* [Exercise]:
Would you output the entries below only from the line containing "Toronto Canada Westbury" through the line containing "Твердая обложка с", exactly as they stand and with both ends included?

Records from a data collection
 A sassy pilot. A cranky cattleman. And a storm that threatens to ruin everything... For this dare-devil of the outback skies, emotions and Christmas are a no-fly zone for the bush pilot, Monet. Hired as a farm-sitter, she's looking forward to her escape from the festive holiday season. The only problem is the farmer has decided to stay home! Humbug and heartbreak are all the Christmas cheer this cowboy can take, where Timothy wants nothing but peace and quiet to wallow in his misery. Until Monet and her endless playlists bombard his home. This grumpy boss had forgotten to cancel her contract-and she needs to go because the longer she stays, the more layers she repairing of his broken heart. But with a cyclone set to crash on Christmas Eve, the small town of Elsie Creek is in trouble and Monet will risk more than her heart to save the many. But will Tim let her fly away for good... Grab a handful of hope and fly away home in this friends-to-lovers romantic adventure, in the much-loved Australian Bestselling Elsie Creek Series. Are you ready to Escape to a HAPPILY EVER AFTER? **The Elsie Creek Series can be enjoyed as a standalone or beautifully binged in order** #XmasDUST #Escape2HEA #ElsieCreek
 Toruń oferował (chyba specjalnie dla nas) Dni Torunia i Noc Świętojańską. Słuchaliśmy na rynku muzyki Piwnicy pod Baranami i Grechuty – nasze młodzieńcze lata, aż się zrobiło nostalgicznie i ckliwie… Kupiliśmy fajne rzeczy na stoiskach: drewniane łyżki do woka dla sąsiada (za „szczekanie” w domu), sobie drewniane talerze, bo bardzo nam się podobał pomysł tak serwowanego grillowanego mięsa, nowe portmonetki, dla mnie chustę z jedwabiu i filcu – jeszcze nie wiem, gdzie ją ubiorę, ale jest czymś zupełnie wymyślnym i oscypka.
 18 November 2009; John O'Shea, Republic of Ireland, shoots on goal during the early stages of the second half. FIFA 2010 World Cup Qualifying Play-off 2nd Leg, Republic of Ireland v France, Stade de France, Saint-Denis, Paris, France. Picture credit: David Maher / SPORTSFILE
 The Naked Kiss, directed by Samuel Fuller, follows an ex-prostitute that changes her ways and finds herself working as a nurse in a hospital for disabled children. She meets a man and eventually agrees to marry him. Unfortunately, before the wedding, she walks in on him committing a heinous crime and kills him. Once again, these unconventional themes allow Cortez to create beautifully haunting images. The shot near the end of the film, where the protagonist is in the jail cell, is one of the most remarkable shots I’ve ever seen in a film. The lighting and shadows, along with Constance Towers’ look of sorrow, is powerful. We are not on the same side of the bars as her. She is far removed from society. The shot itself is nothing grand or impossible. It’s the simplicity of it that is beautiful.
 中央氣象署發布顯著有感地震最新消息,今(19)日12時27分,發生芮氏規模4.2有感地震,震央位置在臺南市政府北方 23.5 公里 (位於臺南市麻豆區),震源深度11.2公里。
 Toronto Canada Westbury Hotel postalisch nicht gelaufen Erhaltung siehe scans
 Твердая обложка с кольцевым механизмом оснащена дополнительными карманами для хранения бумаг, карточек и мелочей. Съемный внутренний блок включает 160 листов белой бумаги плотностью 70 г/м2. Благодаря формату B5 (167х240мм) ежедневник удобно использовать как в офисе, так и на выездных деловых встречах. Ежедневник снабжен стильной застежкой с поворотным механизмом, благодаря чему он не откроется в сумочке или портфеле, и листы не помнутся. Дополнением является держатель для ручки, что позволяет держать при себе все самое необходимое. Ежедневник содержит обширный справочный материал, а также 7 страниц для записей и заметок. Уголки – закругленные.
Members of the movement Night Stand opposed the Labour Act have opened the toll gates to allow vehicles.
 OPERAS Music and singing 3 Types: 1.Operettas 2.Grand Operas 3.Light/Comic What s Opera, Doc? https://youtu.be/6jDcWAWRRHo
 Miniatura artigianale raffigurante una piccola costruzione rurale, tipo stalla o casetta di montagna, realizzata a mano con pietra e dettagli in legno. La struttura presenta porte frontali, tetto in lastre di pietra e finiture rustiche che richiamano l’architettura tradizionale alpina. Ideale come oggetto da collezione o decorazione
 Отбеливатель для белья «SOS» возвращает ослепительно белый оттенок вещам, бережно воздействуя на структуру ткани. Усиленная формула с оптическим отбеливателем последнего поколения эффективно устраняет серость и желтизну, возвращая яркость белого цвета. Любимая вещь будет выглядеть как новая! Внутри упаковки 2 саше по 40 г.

* [Solution for this exercise]:
 Toronto Canada Westbury Hotel postalisch nicht gelaufen Erhaltung siehe scans
 Твердая обложка с кольцевым механизмом оснащена дополнительными карманами для хранения бумаг, карточек и мелочей. Съемный внутренний блок включает 160 листов белой бумаги плотностью 70 г/м2. Благодаря формату B5 (167х240мм) ежедневник удобно использовать как в офисе, так и на выездных деловых встречах. Ежедневник снабжен стильной застежкой с поворотным механизмом, благодаря чему он не откроется в сумочке или портфеле, и листы не помнутся. Дополнением является держатель для ручки, что позволяет держать при себе все самое необходимое. Ежедневник содержит обширный справочный материал, а также 7 страниц для записей и заметок. Уголки – закругленные.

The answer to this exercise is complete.